- _HOW TO COMPLETE THIS TASK_: Transcribe the listing verbatim, please, with images dropped.

- _SOURCE MATERIAL_:
________________________________________

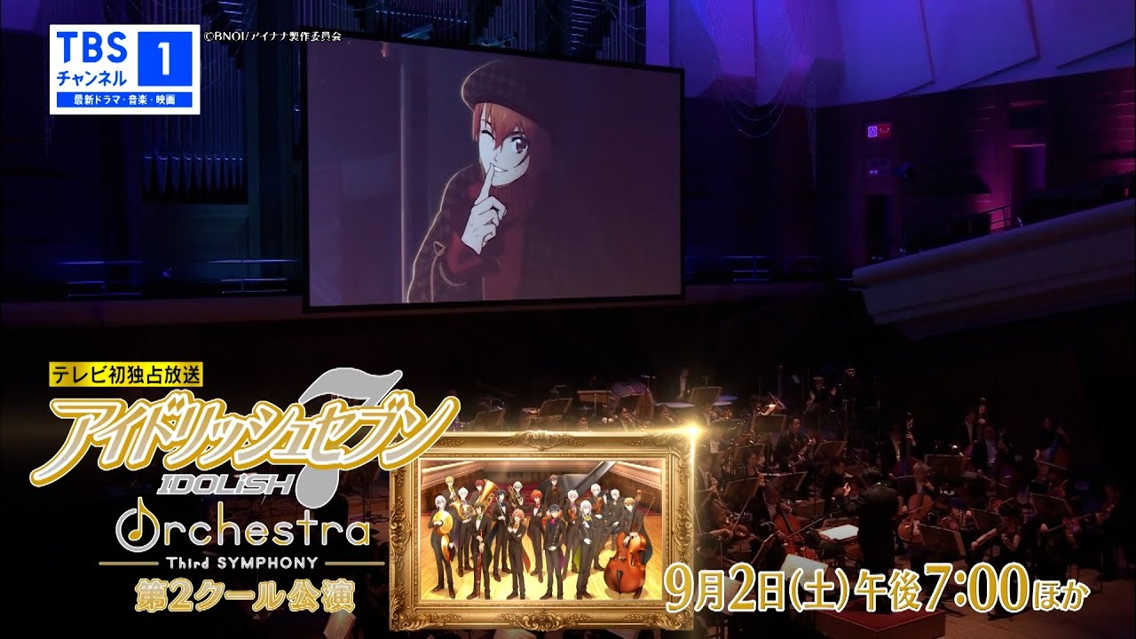 TVアニメ「アイドリッシュセブン Third BEAT!」第2クールを彩った楽曲の数々を迫力のオーケストラ演奏でお送りする最新公演!2023年4月23日に行われた「アイドリッシュセブン オーケストラ -Third SYMPHONY-」第2クール公演の模様をTBSチャンネル1で9月2日(土)午後7時からTV初放送します。指揮者・西谷亮さんと新日本フィルハーモニー交響楽団&ゲストプレイヤーによる演奏でお届け。スクリーンで展開される映像と大迫力のサウンドが重なり合う、“オケナナ”ならではの感動を体感してください!
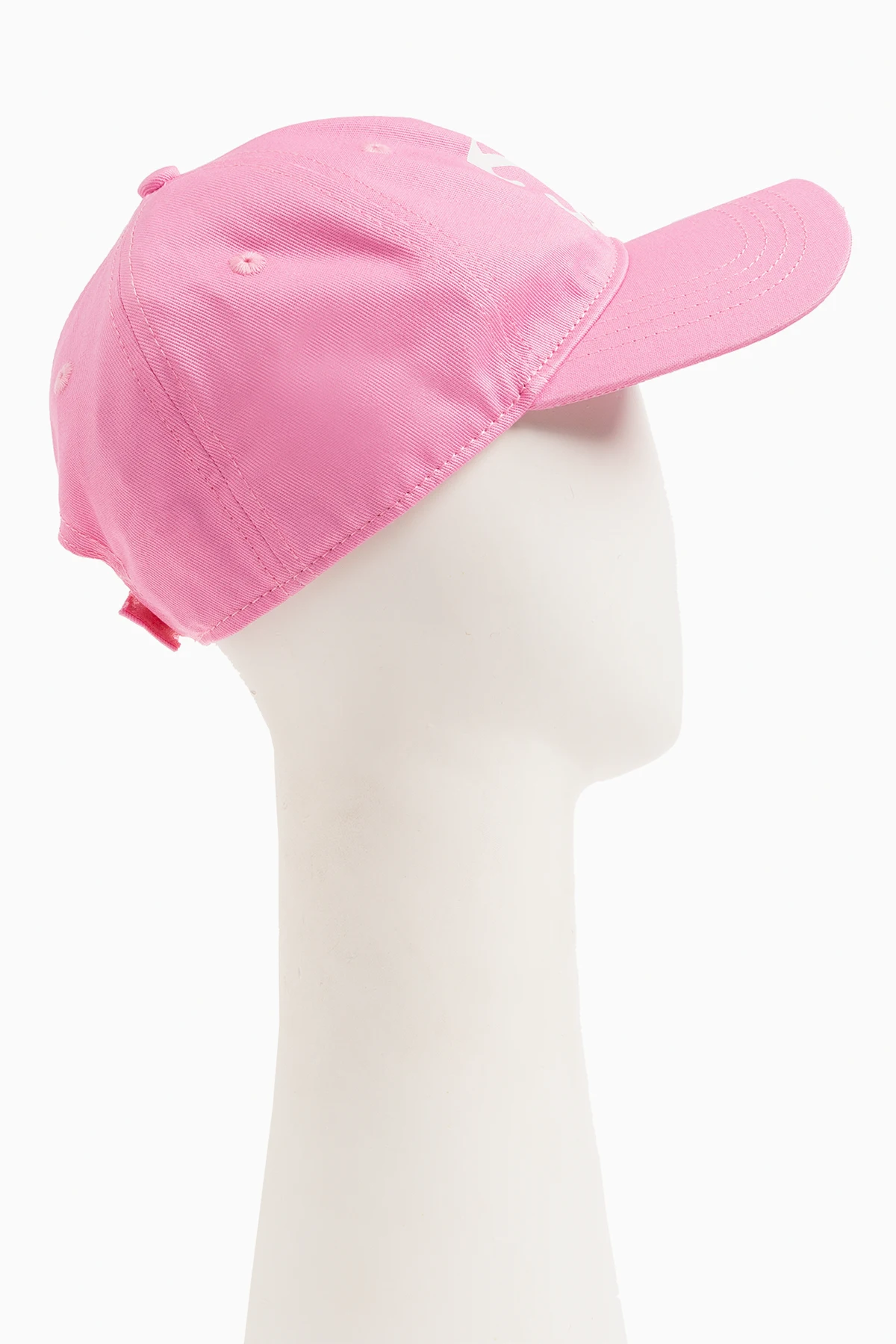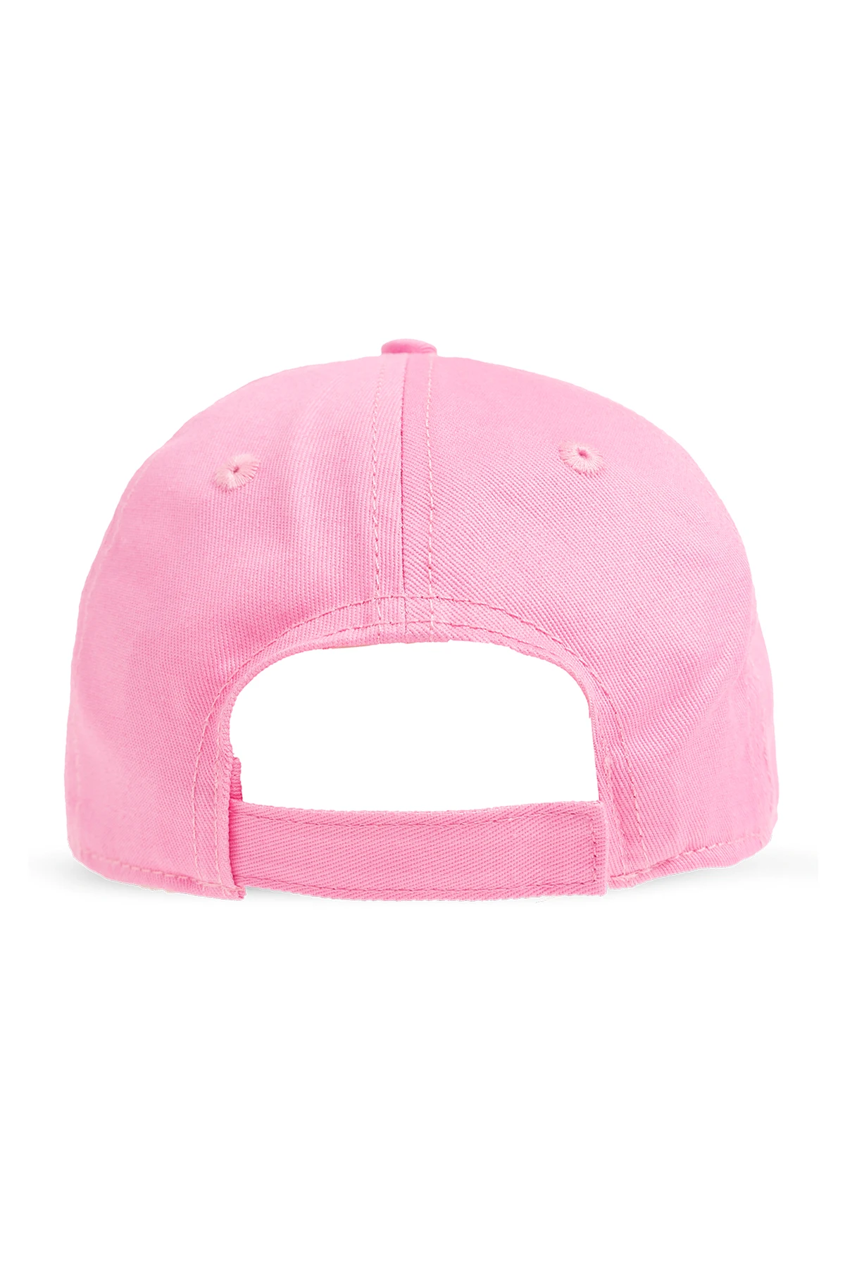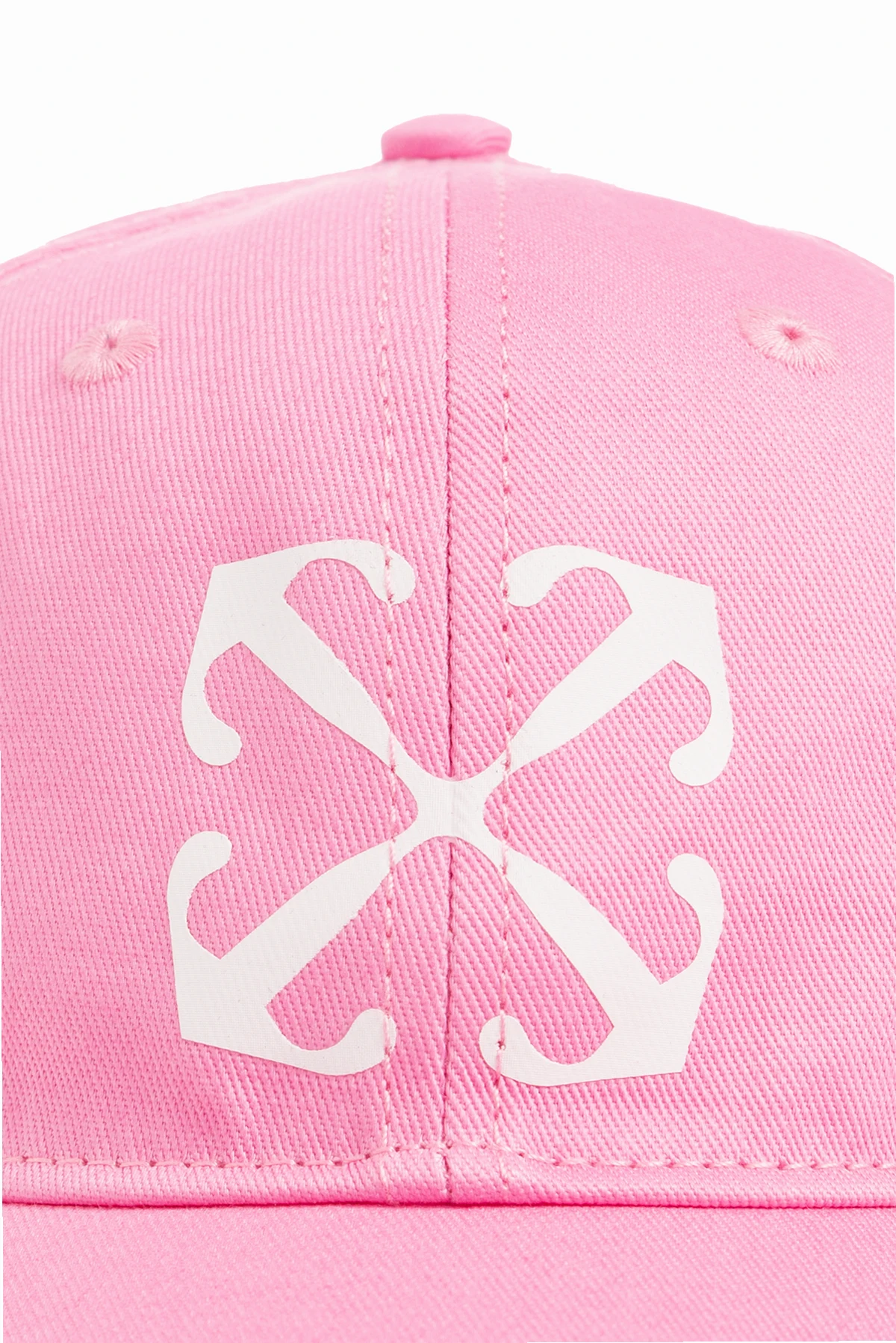 Różowa, bawełniana czapka z daszkiem Off-White Kids. Z przodu nadruk z logo w kolorze białym. Zapinana z tyłu na rzep.
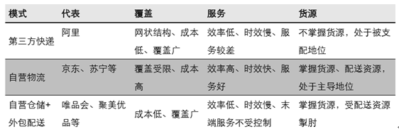 電商物流模式對比

________________________________________

- _YOUR SOLUTION_:
 TVアニメ「アイドリッシュセブン Third BEAT!」第2クールを彩った楽曲の数々を迫力のオーケストラ演奏でお送りする最新公演!2023年4月23日に行われた「アイドリッシュセブン オーケストラ -Third SYMPHONY-」第2クール公演の模様をTBSチャンネル1で9月2日(土)午後7時からTV初放送します。指揮者・西谷亮さんと新日本フィルハーモニー交響楽団&ゲストプレイヤーによる演奏でお届け。スクリーンで展開される映像と大迫力のサウンドが重なり合う、“オケナナ”ならではの感動を体感してください!
 Różowa, bawełniana czapka z daszkiem Off-White Kids. Z przodu nadruk z logo w kolorze białym. Zapinana z tyłu na rzep.
 電商物流模式對比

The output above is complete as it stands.